Editor’s note: This column was co-authored by J. Scott Moody, M.A.
President Donald Trump was elected on a promise to “Make America Great Again.” An improvement in the well-being of families will be an important measuring stick with which to gauge his success. So, politicians in states like West Virginia, New Mexico, and Mississippi, where families are doing especially poorly, could soon be the targets of a presidential tweet storm.
Strong families have a positive influence on the economy and vice versa. But the state of American families cannot be analyzed simply in terms of their economic status. Both social and economic factors have a direct impact on the ability of families to flourish, and measuring this connection is no easy task. In fact, the annual Family Prosperity Index (FPI) is the only tool that offers a holistic picture of how well families in America are doing.
The FPI analyzes publicly-available, mostly government-produced data on 60 different variables that include everything from personal income to educational attainment, single-parenthood to poverty rates, entrepreneurship to religious attendance, and a host of other variables in six categories – economics; demographics; and family self-sufficiency, structure, culture, and health. Because this index doesn’t work solely with economic data, it provides a more comprehensive assessment of how well – or poorly – families are doing in a particular state and highlights areas in need of improvement. By ranking states against each other, the FPI allows for comparisons of overall prosperity scores as well as their specific components.
And the 2017 findings are illuminating. For example, between 2016 and 2017, Maryland saw the most precipitous drop in its overall FPI rank, falling nine places to 28th from 19th.
Its plummeting score for entrepreneurship (from 14th to 28th) is primarily to blame for the Free State’s steep decline. West Virginia is still stuck at the bottom of the heap in 2017, while Utah maintains its status as the top state in the nation for family prosperity.
One factor in particular, demographics, is shown to affect several states’ long-term capacity to facilitate an environment for families to thrive. Take, for example, Pennsylvania – a state that played a pivotal role in the presidential election. The combination of an aging population, relatively low birthrate, and less than optimal out-migration rate (number of people leaving the state) puts the Keystone State in the bottom 10 in the demographics category. In addition, in the family structure category, Pennsylvania’s marriage rate ranks 42nd in the nation.
All of these factors influence each other. Studies show that married men, in particular, earn more than single men, benefitting from what is known as a “marriage premium.” Marriage rates affect birthrates, and over time, birthrates affect the age of a state’s population. Similarly, if economic and cultural conditions – employment, educational opportunity, crime rates, etc. – improve, fewer people are likely to leave the state. While some of these factors are affected by government policies, others are better addressed with the engagement of private institutions and communities.
This kind of assessment is useful for policy makers, community and business leaders, religious organizations, and civic-minded citizens interested in improving their communities. Individuals and families, too, can utilize the index to evaluate the future prospects of their own states as well as others that may offer more opportunity.

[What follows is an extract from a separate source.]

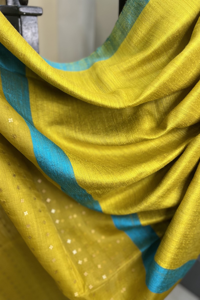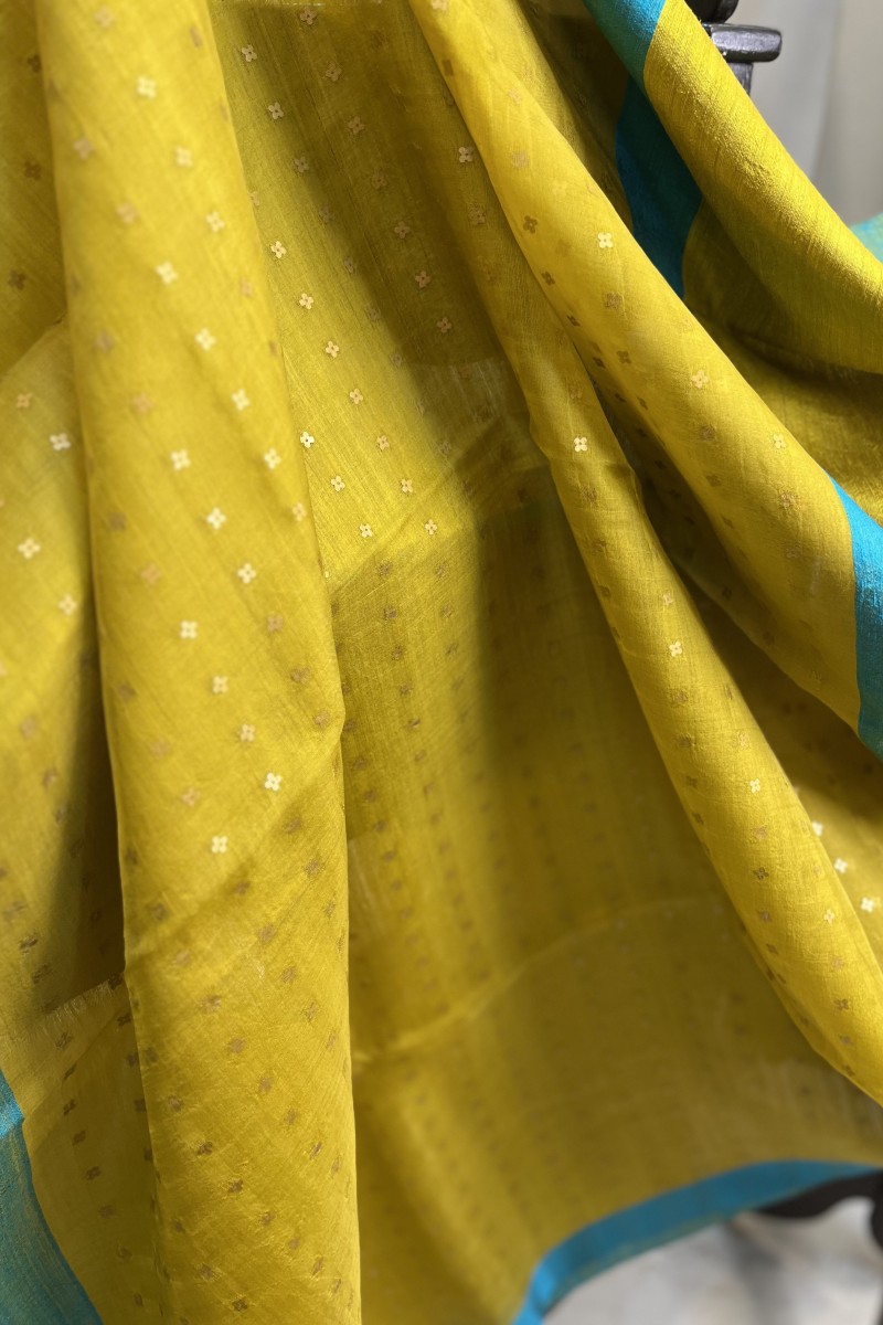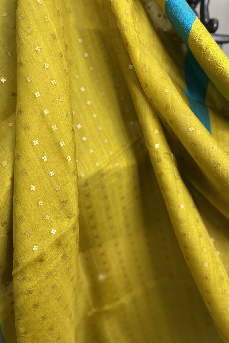 Brighten your wardrobe with this Yellow-Greenish Pure Matka Silk Saree, handwoven to perfection. The contrast Firozi border adds a refreshing pop of color, while the sequins-adorned pallu shimmers beautifully — a perfect blend of tradition and modern charm.

Many American families are burdened by life circumstances – job loss, drug addiction, divorce, crime, to name a few – that are stifling their own prosperity and that of their communities. It is no surprise that in a poll taken the day before the election, 65% of respondents said the country was on the wrong track, and 30% said it was heading in the right direction. As Congress and President Trump work to boost the economy, they might take a few cues from states like North Dakota, Nebraska, and others in the FPI 2017 top ten that are creating environments for families to thrive.
Everyone – on the right and the left – can use the Family Prosperity Index as a tool to better understand the issues important to families – or ignore them at their peril.
Economists and American Conservative Union Foundation senior research fellows Wendy Warcholik, Ph.D., and J. Scott Moody, M.A., are the authors of the Family Prosperity Index, the centerpiece of ACUF’s Family Prosperity Initiative. They also created the Tax Foundation’s State Business Tax Climate Index, now in its 15th year of publication.